生産棟の一番奥に到着し、言われた通りに靴を脱いで美紗の方を向くと、しばらくして皆がこっちにやって来た。
「もう良いわ。移動しながら説明するわね。私と相島さんは、マネキンがどこを見ているか、場所を特定していたの」
うん、それは分かるんだけど、私を立たせたのとか、さっぱり意味がわからないんだけど。

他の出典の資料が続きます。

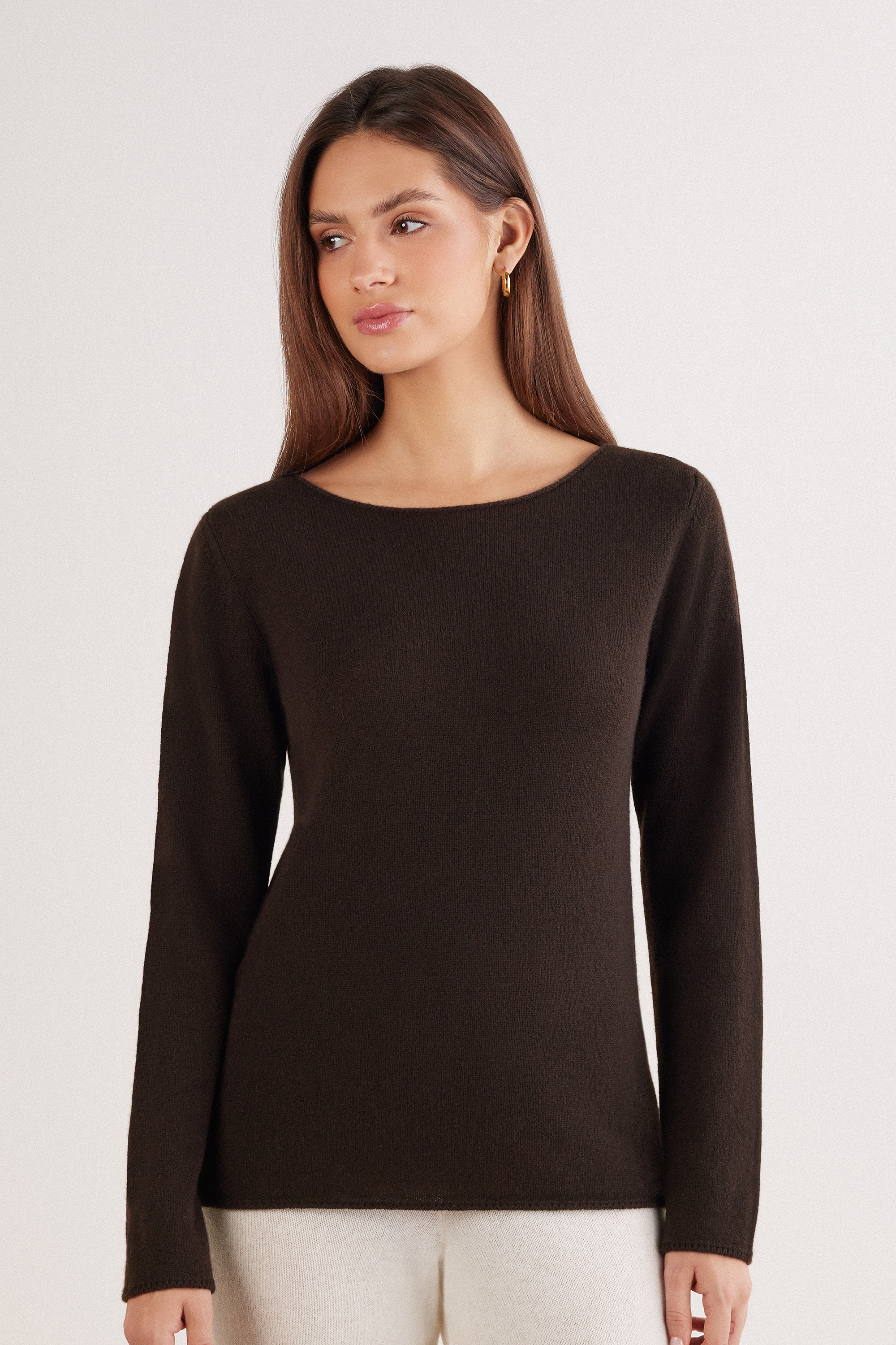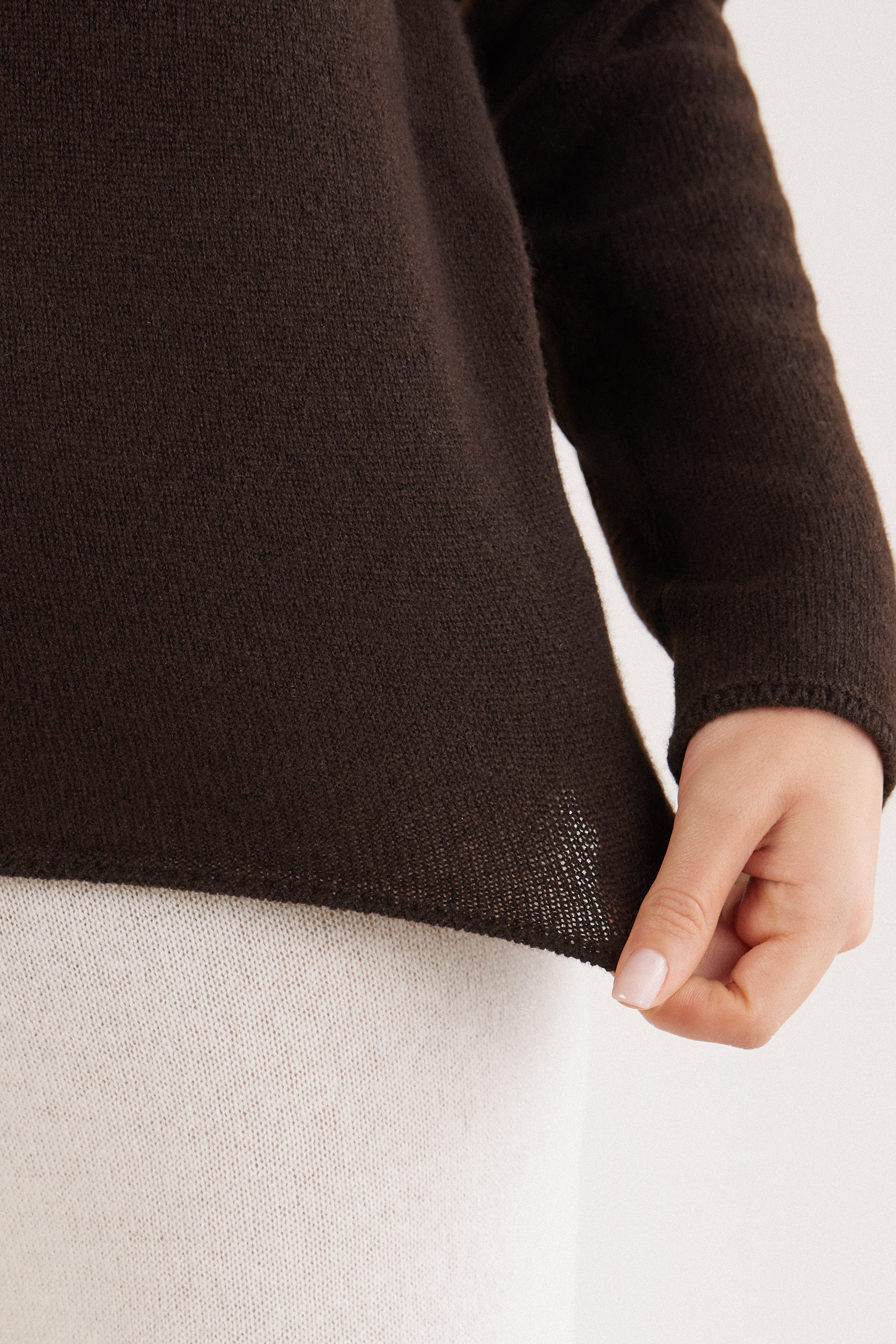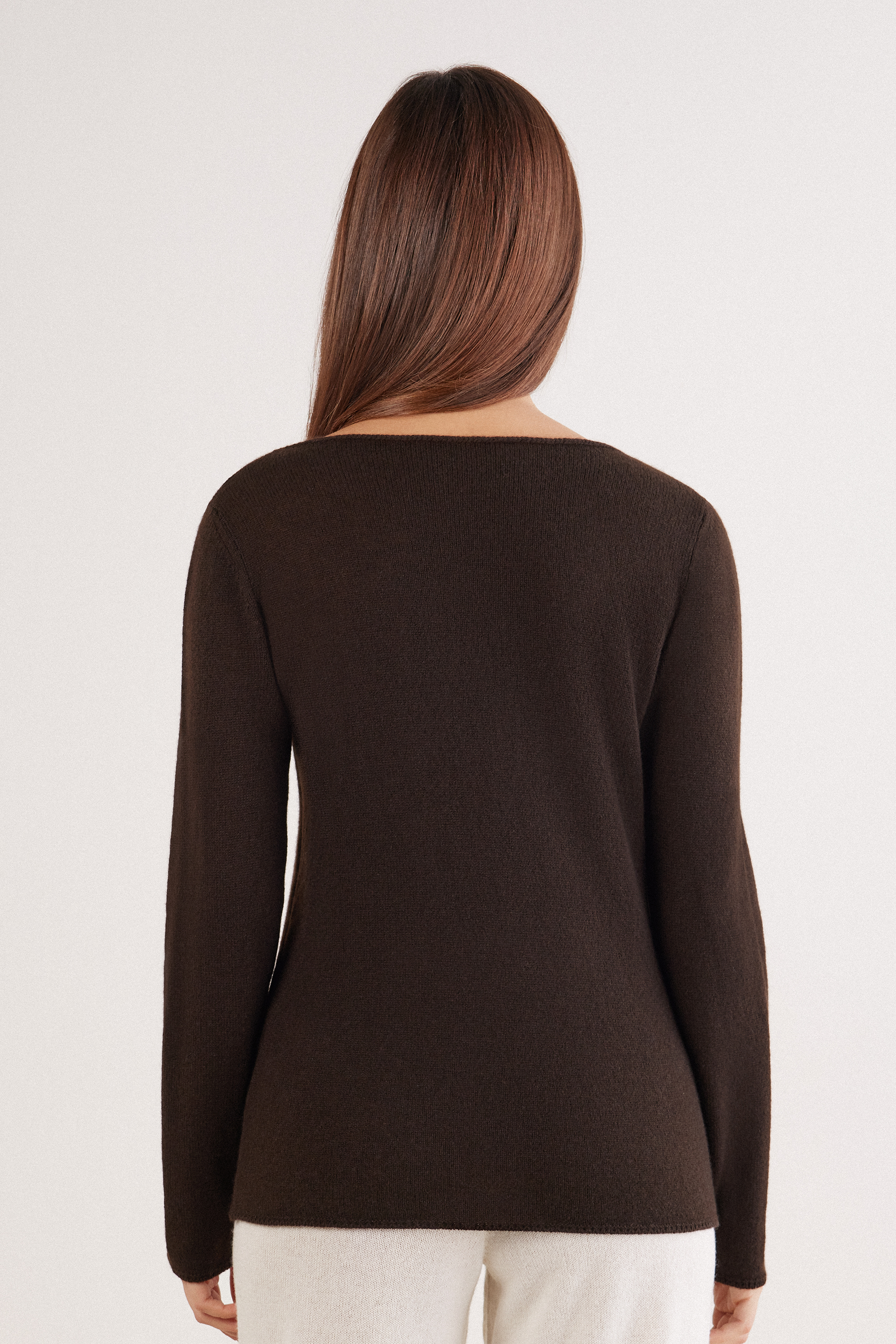 Джемпер чулочной вязки из 100% кашемира. Мягкая облегающая модель подчеркивает естественный силуэт. Отделка тамбурным швом. Идеально сочетается с топом из модала Ultralight с кашемиром: этот уютный комплект окутает вас словно мягкими теплыми объятиями.
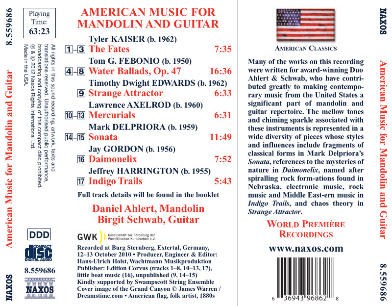 Contiene obras para mandolina y guitarra de compositores americanos del siglo XX: Tyler Kaiser, Tom G. Febonio, Timoty Dwight Edwards, Lawrence Axelrod, Mark Delpriora, Jay Gordon y Jeffrey Harrington.
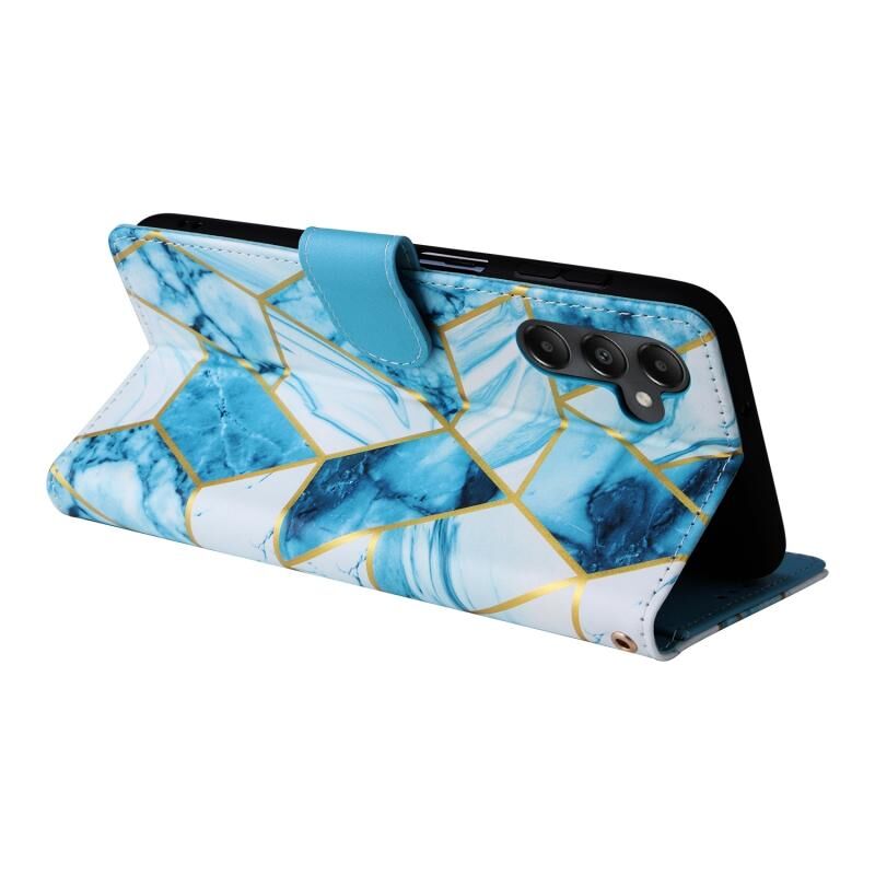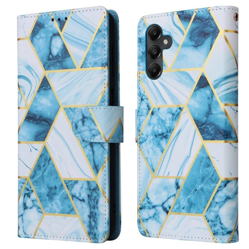 Θήκη τηλεφώνου Samsung Galaxy A05s από δέρμα με ραφή μαρμάρου και μπρονζέ φινίρισμα (Μπλε)
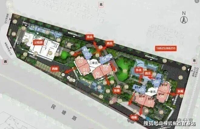 3、套内使用率较高,三栋均是百米以内的建筑,根据面积户型以及建筑高度可看出套内使用率应是高于附近所有竞品的,81平可做到3房2卫,也高于鸿荣源尚云
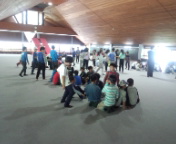 13時、ますつかみまで時間があるので、村の会堂に集まって、みんなで楽しく室内レクリェーションをしました。会堂はビレッジの2階にある広いスペースのある場所です。みんなで楽しく盛り上がりました。
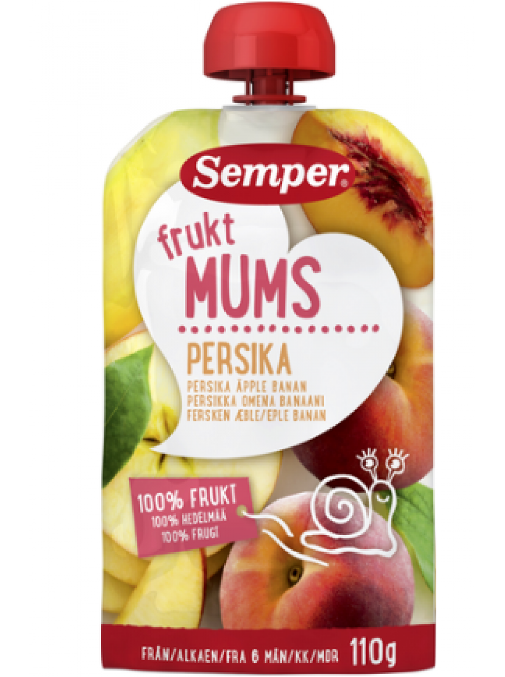 Фруктовое пюре Semper Persikkaa, Omenaa Ja Banaania 110 г с 6 месяцев персик яблоко и банан
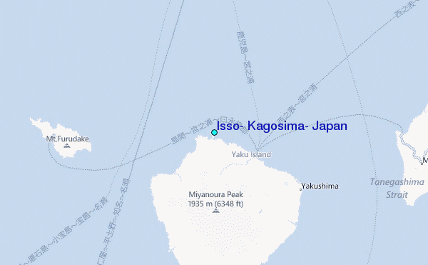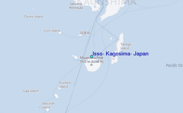 Use this relief map to navigate to tide stations, surf breaks and cities that are in the area of Isso, Kagosima, Japan.
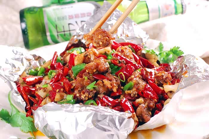 【特点】 菜色泽艳丽光亮,鲜辣辛香
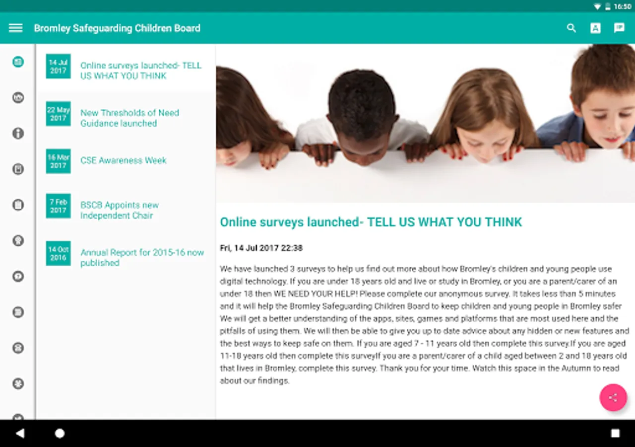 The Bromley Safeguarding Children Partnership (BSCP) App provides information on safeguarding children for use by professionals.
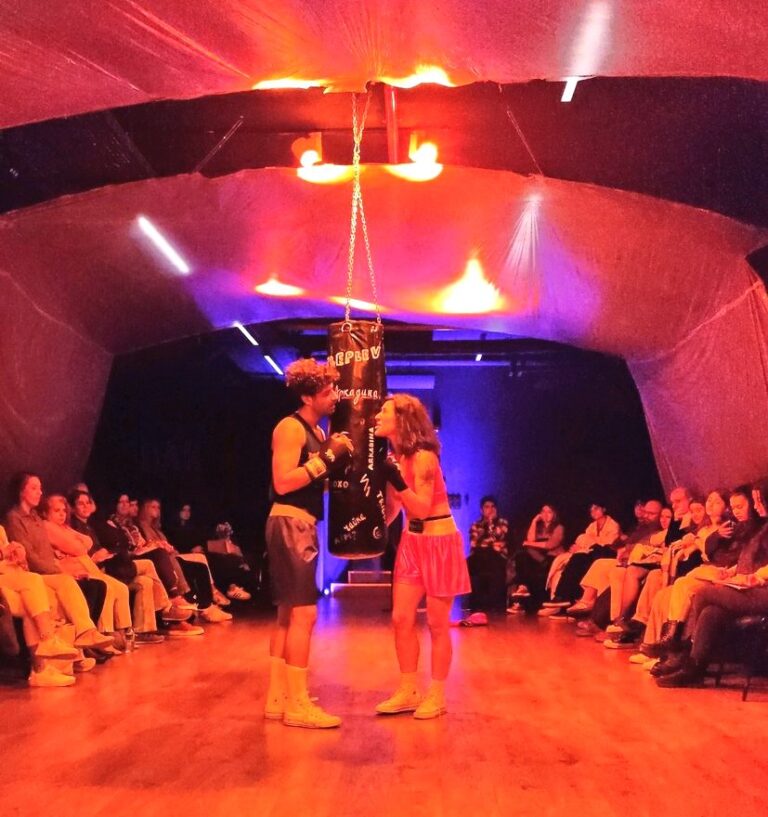 Başak: Sanatla var olmak isteyen bir kişinin baş etmeye çalıştıklarıydı diyebilirim. Treplev bir şeyler üretmek isteyen bir kişi. Bunun ne kadar iyi ya da kötü olup olmamasıyla hiç ilgilenmiyor aslında. Üretmek ve devam etmek istiyor ama bu isteği görmezden gelinerek, yok sayılarak reddediliyor. Hayatta kalmaya çalışıyor bir anlamda kendi kendine. Bu mücadelesini nasıl fiziksel aksiyona dönüştürürüz fikri beni çok cezbetmişti. Hep bir düello ve mücadele içerisinde Treplev. Bunu bir maç üzerinden, 4 roundluk ve hep kendisinin kaybettiği bir boks maçı üzerinden anlatma fikri üzerine düşünmek, seyirciye bu mücadelesindeki tutkusunu ama bir türlü olduramadıklarını aktarmak üzerinde çalıştık. Bir yer yer yönetmen/psikolog/yargılayıcı ebeveyn dış ses ile hayatını, ailesini, başından geçenleri sondan başlayarak anlatmak, metni yıkıp yeniden bozmak anlamında çok işe yaradı. “Yak tüm fikirleri!” Treplev için hayatının özeti sanırım. “Yak tüm fikirleri yak yak yak, çünkü ben aslında yokum yok yok yok.”
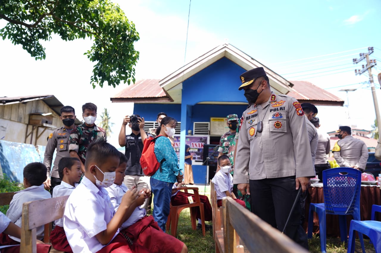 SULBARPEDIA.COM,- Mamuju, Kapolda Sulbar, Irjen Pol Eko Budi Sampurno bersama rombongan mendatangi SD Inpres Salulayang di desa bambu untuk melakukan pemberian Vaksinasi anak dan Vaksin booster, Selasa (08/02/22).
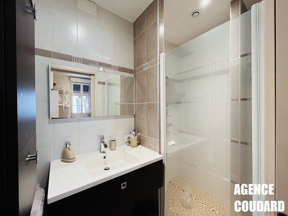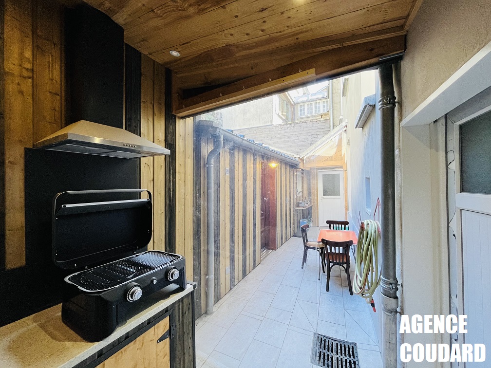 Ce premier appartement dispose d’un accès direct à une petite cour arrière de 15 m² depuis laquelle on accède à un second bâtiment composé d’une pièce d’eau combinant chaufferie / buanderie et d’une cave.

「それと、杉本君の事だけど、きっと目覚めたのよ。カラダを全部そろえた事で、眠っていた山岡泰蔵がね。なんて、言っても分からないわね」
説明どころか、ますます混乱してくる。
階段を下りて、一階に向かっている私は、説明にもなっていない説明を聞いて首を傾げた。
一階に到着して、美紗が向かったのは北側の廊下。
そこにある中庭へのドアの前に立ち、錠を回して、中庭へと出たのだ。
私達が外に出ようとしても、ビクともしなかったドアが、こんなに簡単に開くなんて。
赤い人を見て振り返っても大丈夫だし、ドアも開けられる。
美紗がこの空間を作ったって言うだけあって、特別なんだろうな。
「廊下の長さが……マネキンの見ていた位置が……だから、右に約10度で……」
またブツブツ何かを言いながら、中庭を歩く美紗。